● **How to complete this task**
Nothing but the pictures is dropped; write out all the remaining data below exactly.

Recorded data

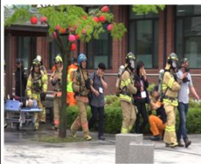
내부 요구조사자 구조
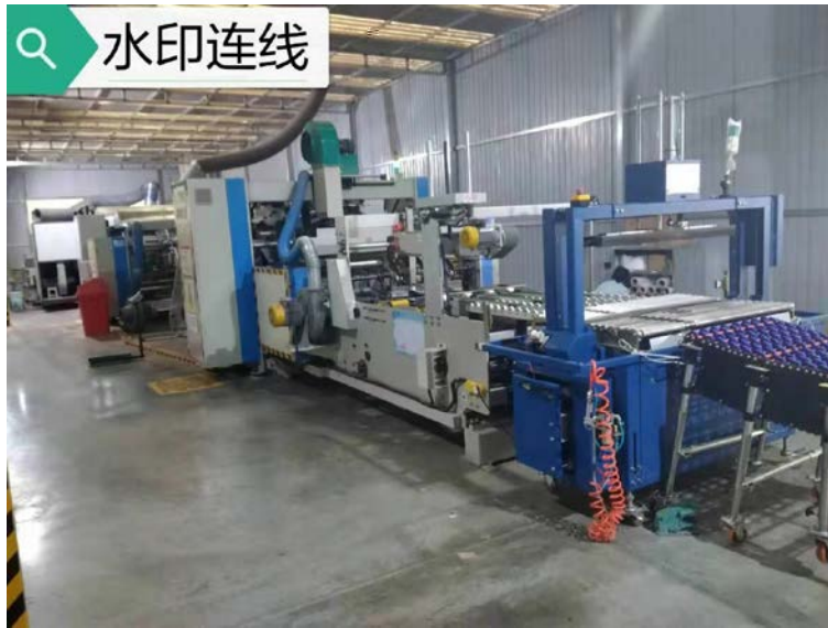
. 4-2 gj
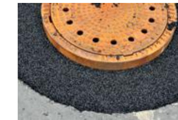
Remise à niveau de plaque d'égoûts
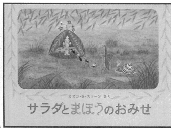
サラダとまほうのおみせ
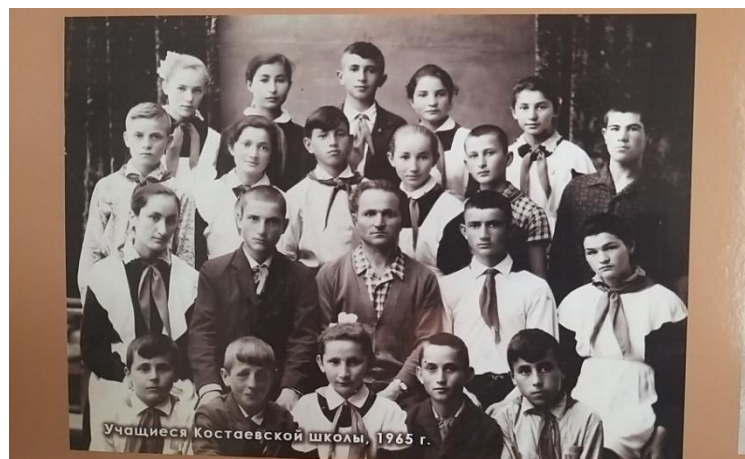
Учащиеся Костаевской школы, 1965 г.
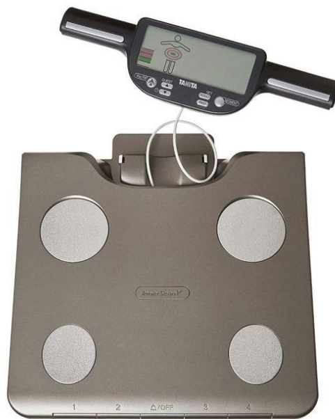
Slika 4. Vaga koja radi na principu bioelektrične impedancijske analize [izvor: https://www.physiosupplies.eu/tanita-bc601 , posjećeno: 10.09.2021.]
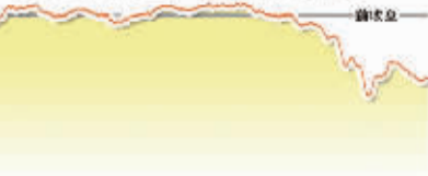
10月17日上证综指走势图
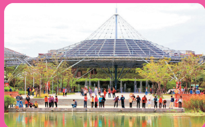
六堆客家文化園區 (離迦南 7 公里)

● **Solution**
내부 요구조사자 구조
. 4-2 gj
Remise à niveau de plaque d'égoûts
サラダとまほうのおみせ
Учащиеся Костаевской школы, 1965 г.
Slika 4. Vaga koja radi na principu bioelektrične impedancijske analize [izvor: https://www.physiosupplies.eu/tanita-bc601 , posjećeno: 10.09.2021.]
10月17日上证综指走势图
六堆客家文化園區 (離迦南 7 公里)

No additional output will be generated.